Green Energy Storage: The Potential Use of Compressed Liquid CO2 and Large Sub-Terrain Cavities to Help Maintain a Constant Electricity Supply

Compressed air has been used for energy storage since the 1970s in Huntorf, Niedersachsen, Germany and since the 1990s in McIntosh, Alabama, USA. In these two facilities, of respectively ~1 GWh and ~2.6 GWh, atmospheric air is compressed to 50-70 bar during times of surplus electricity and released while being heated with natural gas when electricity is needed [1]. The technology being used is called diabatic as it does not store the energy released when the air is compressed. The efficiencies of the two facilities are 42% to 52% for a storage cycle, respectively [1]. However, a new type of compressed air energy storage plants, called adiabatic, is under development where the heat released by compression is stored and used to heat of the compressed air during expansion, thus increasing the efficiency of the process to about 70% [2]. Here, I propose that it might be possible to increase this efficiency of the adiabatic approach further, as well as in the process extract ground heat for other purposes, by invoking CO₂ condensation and evaporation.

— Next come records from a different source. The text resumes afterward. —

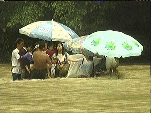 濁流の真ん中で家族たちが固まっている映像がTVで流れました。
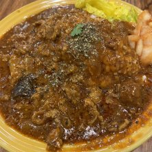 チキンカレーとポークチリキーマの2種盛り🍛🐔🐷 今回のチキンはコクのある味わい、ポークチリは挽肉の塊がゴロゴロ入って食べ応えあります👍
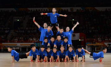 2015年7月12日~18日までフィンランド・ヘルシンキで行われた第15回世界体操祭に参加しました。約53ヶ国から2万人が参加し、演技発表やワークショップなどのイベントを通じて国際交流しました。げんきクラブからは、有志による16名と日本から参加した2名を含む18名で演技発表を行いました。約5,000人の観客の前で堂々の演技!演技中には沢山の拍子をもらい、練習の成果を十分に発揮することができました。
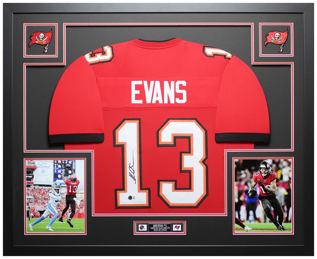Custom frame measures 35" x 43" in size and features a jersey that has been hand-signed by Mike Evans.
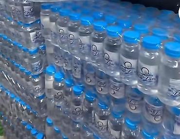 Zam-Zam — питьевая вода в индивидуальных бутылках с синими крышками, упакованных в термоусадочную пленку (мультипак). На этикетке указано «Zam-Zam», оформление с водной графикой. Бутылки компактног...
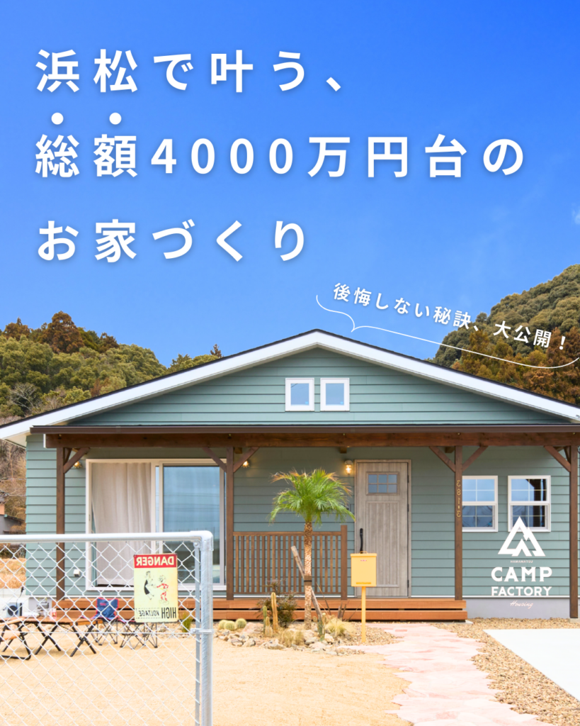 CampFactoryは浜松エリアで“総額4,000万円台”を目安にした、安心できる家づくりをご提案しています。

CO₂ constitute about 0.04% of atmospheric air; it is a colourless gas that condenses to a liquid at about ~56 bar pressure at ~20°C with a density of about ~1101 Kg/m₃, and the specific heat released during this condensation is about 574 KJ/kg [3]. This means that 1 m³ of liquid CO₂ release 632 MJ of energy when it is formed, at the same time it will store approximately [1101 Kg (weight of 1 m³ liquid CO₂)/ 44.01 g/mol (molecular weight) × 22.4 × 10^-3 m³/mol (specific volume of 1 mol perfect gas at 20°C and 1 bar pressure) × 55 × 101325 J/m³ (energy stored per bar perfect gas)]: 3118.5 MJ of energy when isothermal (the heat released during compression and condensation if fully stored and returned keeping a constant temperature during the process) expanded to 1 bar [3]. Thus, if a volume of condensed CO₂ equivalent to 1000 m³ was stored 365 times a year, then it would correspond to 1140 × 10³ GJ or 316.8 GWh [3].

For this approach to work a larger cavity of ~280 times the 10³ m³ volume would be need to store the released CO₂ at approximately 3 bar (such that the pressure of this larger cavity can be kept around 1 bar when the 1000 m³ liquid CO₂ mentioned above is fully condensed to 56 bar at ambient temperature into the smaller camber). Meanwhile, the thermal energy released during compression and condensation will have to be stored as for other adiabatic systems, and reused during the expansion process [2].

The advantages of this system would be several; since the pressure fall would be from a constant 56 bar to 1-3 bars, the system would generate a more or less constant electricity output during the decharging of the system as there will a constant CO₂ gas release during the recharge process. While in the current adiabatic system, the pressure fall changes with the release of the compressed atmospheric air, such that the energy output fall with time, or that more compressed gas has to be released with time to compensate [1].

Storing the heat released when the gas is condensed will lead to some energy loss. However, if the temperature of the released CO₂ is kept lower that the temperature of the underground then the expanding gas will absorb heat from the surroundings allowing ground heat to compensate for the loss of energy lost during storage. The amount of heat extracted and the efficiency of a storage cycle and be varied by changing the temperature of the evaporated expanding gas (from about approximately -50°C, extracting the most heat from the underground, to close to the ambient temperature of the surrounding underground (isothermal generation) or above (by additional energy input) for most efficient generation of electricity. Alternatively, the condensed CO₂ could first be allowed to evaporate by increasing the volume approximately five fold, extracting heat from the surrounding in the process, and once the pressure and temperature of the now CO₂ gas again reach close to but below the condensation point at 56 bar and 20°C, then released it for electricity production using a adiabatic process. Indeed, such a system could extract a significant amount of ground heat (~230 × 103 GJ or 64.0 GWh a year).

One additional advantage of such a system would be from the point of view of the socio-economics. Many local areas suffer when mines are closed, including coal mines due to the implementation of green energy. By using otherwise closed mines for energy storage, such local communities will be able to prosper from the change in energy generation, by attracting industries that are requiring a thermal input (cooling or heating) in the production, providing jobs as well as green heating for homes.

There is one danger associated with using compressed CO₂ as an energy storage, and that is that we as humans are sensitive to raised levels of CO₂ as it affects our breathing (7-10% may cause suffocation even in the presence of oxygen [4]). However, by using mines, where the high-pressure compartment is buried deep underground and by keeping the pressure low in the expansion chamber (if there is space enough in the mine/cavity, it could even be kept below 1 bar), and the risk can be minimized.